Self-fertilization is a widespread mating system found in hermaphroditic plants and animals (e.g., Jarne and Auld, 2006; Igic and Busch, 2013). In Angiosperms, the transition from outcrossing to selfing occurred multiple times, leading to approximately 10−15% of species self-fertilizing at very high rates (Barrett et al., 2014). Two possible benefits of selfing have been proposed to explain such transitions: the possibility for a single individual to generate offspring in the absence of mating partner or pollinator (“reproductive assurance”, Darwin, 1876; Stebbins, 1957; Porcher and Lande, 2005a; Busch and Delph, 2012), and the “automatic advantage” stemming from the fact that, in a population containing both selfers and outcrossers, selfers tend to transmit more copies of their genome to the next generation if they continue to export pollen — thus retaining the ability to sire outcrossed ovules (Fisher, 1941; Charlesworth, 1980; Stone et al., 2014). The main evolutionary force thought to oppose the spread of selfing is inbreeding depression, the decreased fitness of inbred offspring resulting from the expression of partially recessive deleterious alleles segregating within populations (Charlesworth and Charlesworth, 1987). When selfers export as much pollen as out-crossers (leading to a 50% transmission advantage for selfing), inbreeding depression must be 0.5 to compensate for the automatic advantage of selfing (Lande and Schemske, 1985). However, observations from natural populations indicate that self-fertilizing individuals do not always export as much pollen as their outcrossing counterparts, as some of their pollen production is used to fertilize their own ovules (see references in Porcher and Lande, 2005a). This phenomenon, known as pollen discounting, decreases the automatic advantage of selfing (Nagylaki, 1976; Charlesworth, 1980), thus reducing the threshold value of inbreeding depression above which outcrossing can be maintained (e.g., Holsinger et al., 1984). It may also lead to evolutionarily stable mixed mating systems (involving both selfing and outcrossing) under some models of discounting such as the mass-action pollination model (Holsinger, 1991; Porcher and Lande, 2005a).

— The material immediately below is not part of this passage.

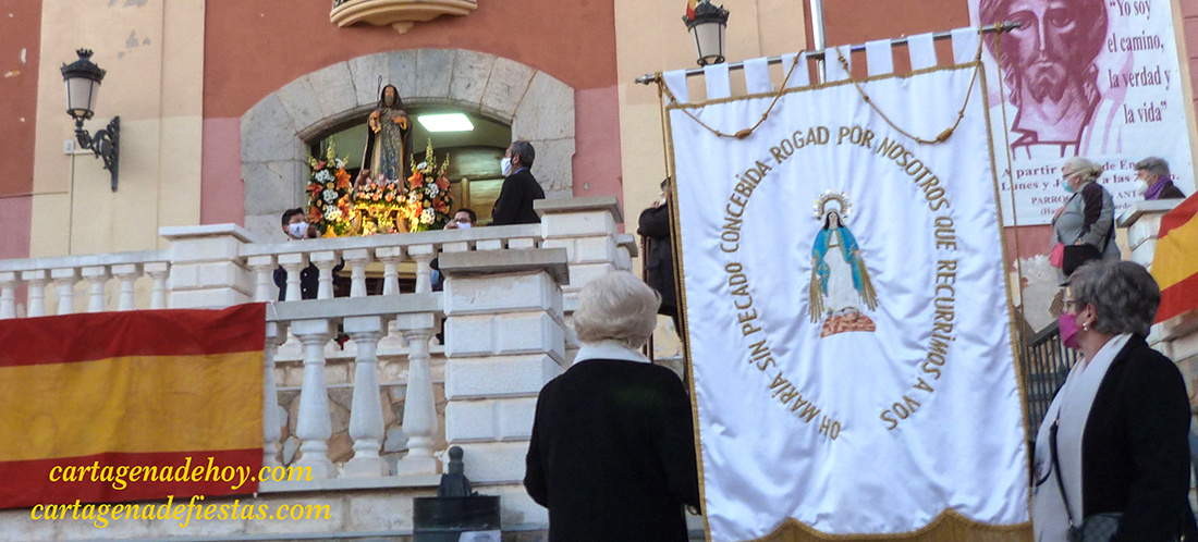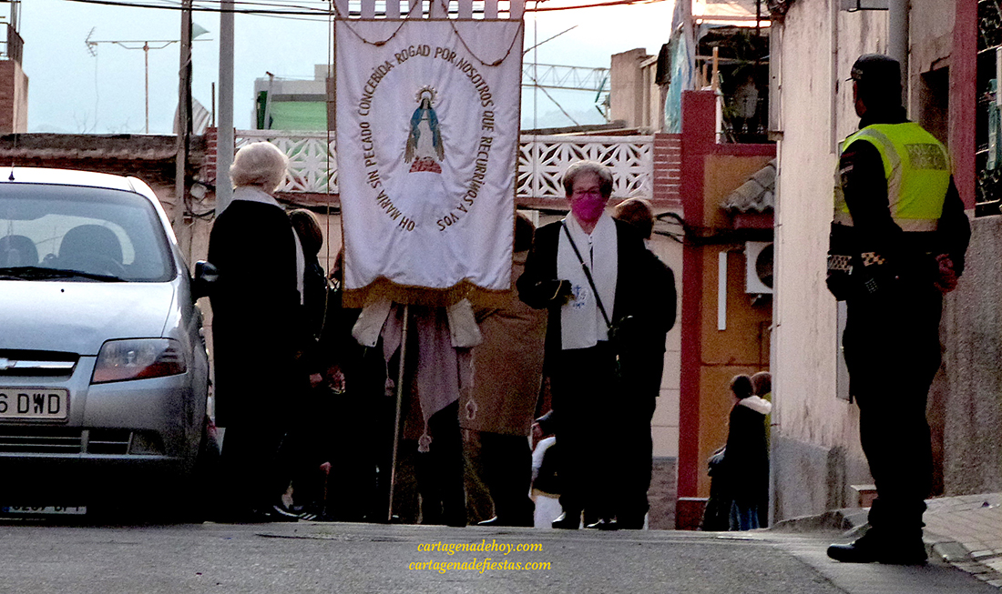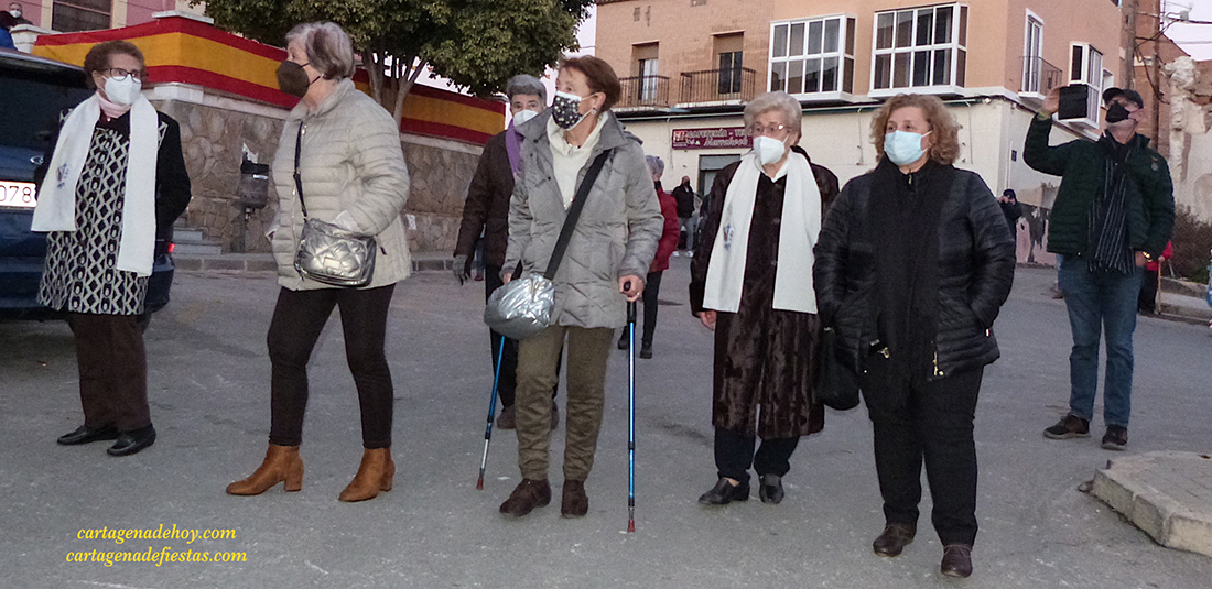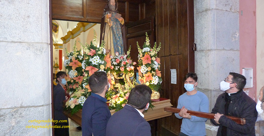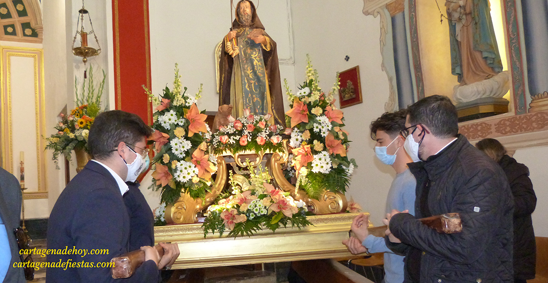 El trono salió de la iglesia y fue bajando los escalones de la elevada entrada hasta alcanzar la plaza, donde esperaban las portadoras del estandarte y el grupo de romeras de San Antón, que abrieron paso al trono avanzó con el sonido del golpe de tambor y que detrás llevaba al sacerdote Juan Apellániz, varios fieles y el grupo de la agrupación musical Cartagena 1990.

Several models explored the evolution of mating systems while explicitly representing the genetic architecture of inbreeding depression (e.g., Charlesworth et al., 1990; Uyenoyama and Waller, 1991; Epinat and Lenormand, 2009; Porcher and Lande, 2005b; Gervais et al., 2014), and highlighted the importance of another genetic factor (besides the automatic advantage and inbreeding depression) affecting the evolution of selfing. This third factor stems from the fact that selection against deleterious alleles is more efficient among selfed offspring (due to their increased homozygosity) than among outcrossed offspring, generating positive linkage disequilibria between alleles increasing the selfing rate and the more advantageous alleles at selected loci. Alleles increasing selfing thus tend to be found on better purged genetic backgrounds, which may allow selfing to spread even when inbreeding depression is higher than 0.5 (Charlesworth et al., 1990). This effect becomes more important as the strength of selection against deleterious alleles increases (so that purging occurs more rapidly), recombination decreases, and as alleles increasing selfing have larger effects — so that linkage disequilibria can be maintained over larger numbers of generations (Charlesworth et al., 1990; Uyenoyama and Waller, 1991; Epinat and Lenormand, 2009). This corresponds to Lande and Schemske’s (1985) verbal prediction that a mutant allele coding for complete selfing may increase in frequency regardless of the amount of inbreeding depression.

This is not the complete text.